Typically crisp, Roberts’s riff is nevertheless starkly at odds with America’s history of constitutional law and politics, starting with the founding era’s vicious Federalist-Republican warfare over the courts and constitutional interpretation; in 1804, President George Washington appointee Justice Salmon Chase was impeached by the Republican-controlled House and avoided Senate conviction by one vote. Subsequently, this nation’s uniquely powerful high court has experienced being told what the law is by public opinion and the political branches whenever the court threatened or wrought major societal impacts, broached boundaries of established interpretation, or aligned with a particular political ideology or party. Examples roll off the tongue: Dred Scott v. Sandford (1857), which held that “the negro has no rights that a white man is bound to respect”; Plessy v. Ferguson (1896) and other decisions that emasculated the Reconstruction amendments’ guarantees of racial equality and national citizenship; Lochner v. New York (1905), which transmuted the Fourteenth Amendment into a judicial veto over federal and state laws protecting workers and other liberal economic regulations; Brown v. Board of Education (1954), which invalidated state-sponsored racial segregation; Miranda v. Arizona (1966), which required law enforcement personnel to administer a “Miranda warning” before interrogating arrestees; Roe v. Wade itself (1973); and pre–Trump court twenty-first-century blockbusters too numerous and recent to be necessary to name.

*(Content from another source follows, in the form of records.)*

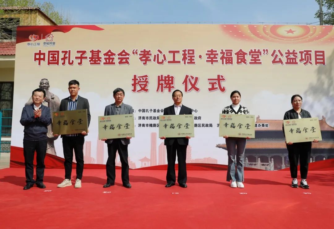 3月31日,中國孔子基金會“孝心工程·幸福食堂”公益項目落戶濟南槐蔭區新龐村、范莊村等5座村莊。山東省人大常委會原黨組書記、副主任,中國孔子基金會理事長于曉明為幸福食堂授牌,項目既是為了解決老年人的就餐問題,更是為鄰里搭建守望相助的平臺,讓更多老年人過上老有所養、老有所依、老有所樂、老有所安的幸福生活。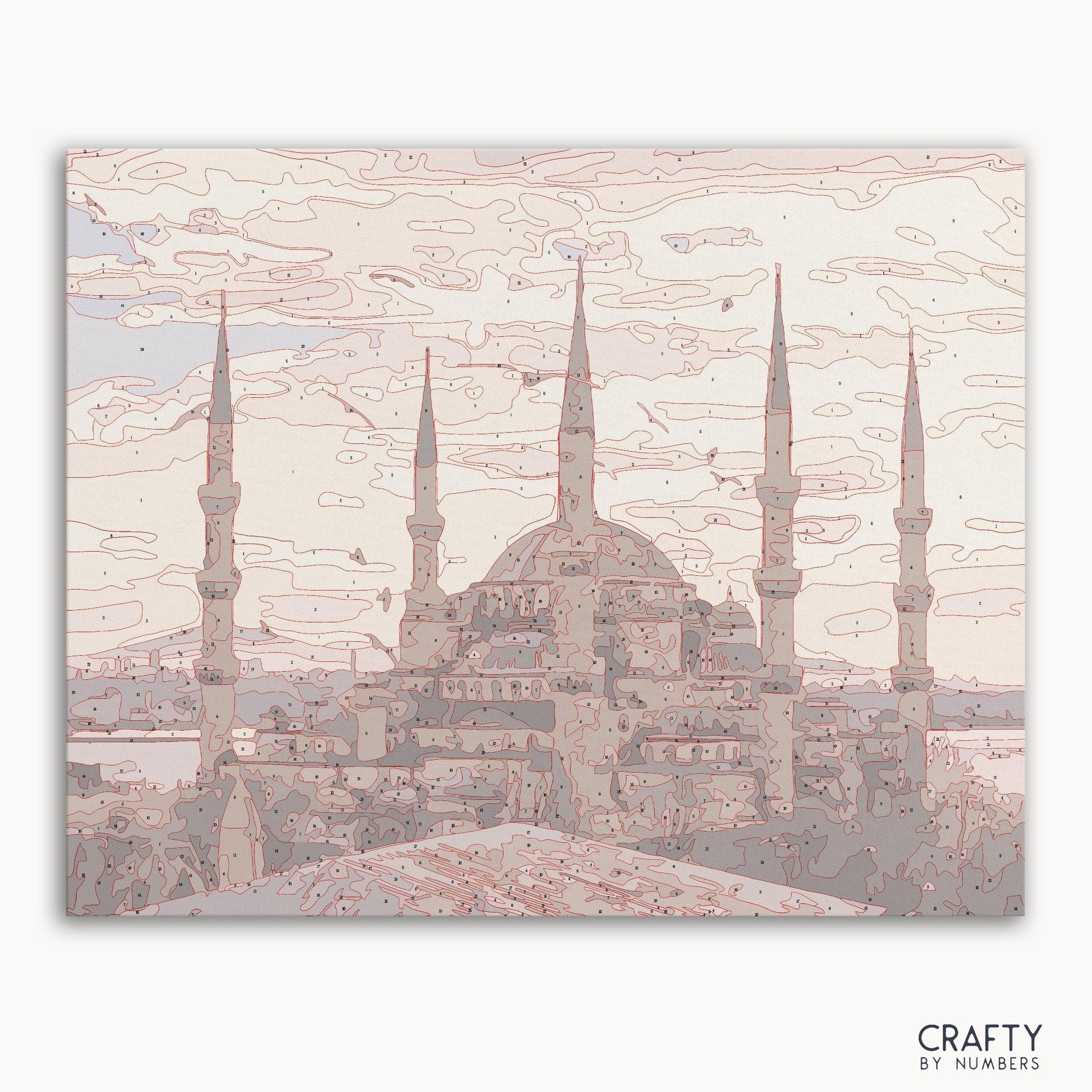 Bring a sense of peace and devotion into your home with this Royal Mosque paint by numbers kit. The graceful arches, tall domes, and calm blue tones create a scene that feels balanced and uplifting. Every detail is designed to help you slow down and enjoy a quiet creative moment. The clear layout makes painting easy, even if you are new to paint by numbers.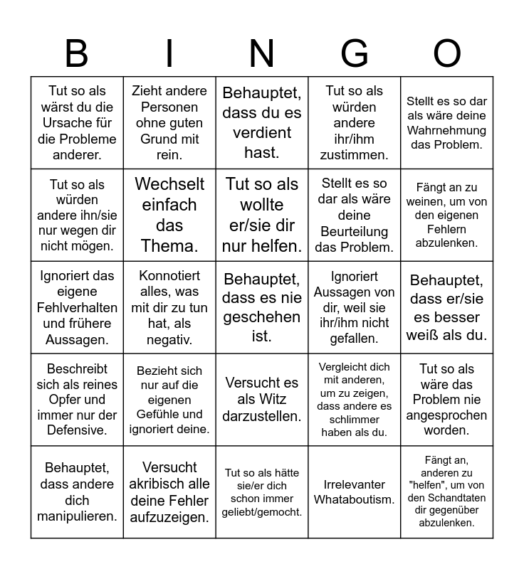 This bingo card has a free space and 24 words: Bezieht sich nur auf die eigenen Gefühle und ignoriert deine., Versucht akribisch alle deine Fehler aufzuzeigen., Tut so als wollte er/sie dir nur helfen., Behauptet, dass andere dich manipulieren., Stellt es so dar als wäre deine Wahrnehmung das Problem., Tut so als wärst du die Ursache für die Probleme anderer., Tut so als würden andere ihn/sie nur wegen dir nicht mögen., Zieht andere Personen ohne guten Grund mit rein., Ignoriert Aussagen von dir, weil sie ihr/ihm nicht gefallen., Versucht es als Witz darzustellen., Stellt es so dar als wäre deine Beurteilung das Problem., Ignoriert das eigene Fehlverhalten und frühere Aussagen., Vergleicht dich mit anderen, um zu zeigen, dass andere es schlimmer haben als du., Tut so als wäre das Problem nie angesprochen worden., Wechselt einfach das Thema., Irrelevanter Whataboutism., Behauptet, dass er/sie es besser weiß als du., Behauptet, dass du es verdient hast., Fängt an zu weinen, um von den eigenen Fehlern abzulenken., Konnotiert alles, was mit dir zu tun hat, als negativ., Fängt an, anderen zu "helfen", um von den Schandtaten dir gegenüber abzulenken., Beschreibt sich als reines Opfer und immer nur der Defensive., Tut so als würden andere ihr/ihm zustimmen. and Tut so als hätte sie/er dich schon immer geliebt/gemocht..

Obviously, controversies as consequential as those above, and those the current majority is igniting—are political, inherently, in a democratic republic. Chief Justice Roberts is correct that the court’s members should make up their own minds as to what the law is. But just as certainly, they should not close their ears to public opinion; affected interests and communities; and the views, role, and expertise of the political branches, and, for that matter, states. Indeed, taking such views into account is essential for nine, or as few as five unelected, life-tenured lawyers who have final say over the explosive issues the court has over the past several decades accreted the power to decide.
Realistically, the most useful frame for how constitutional matters of great political significance are resolved in this country is not Roberts’s picture of a hermetically sealed band of black-robed brothers but Yale Law professor Akhil Amar’s concept of a “constitutional conversation,” in which engaged publics and political leadership debate issues on which the Supreme Court usually has the last, but not the only, word and frequently not the most decisive word. To regain their footing in the current war over the courts and the Constitution, liberal political leaders must embrace that “conversation,” play their role forcefully and cannily, and get results.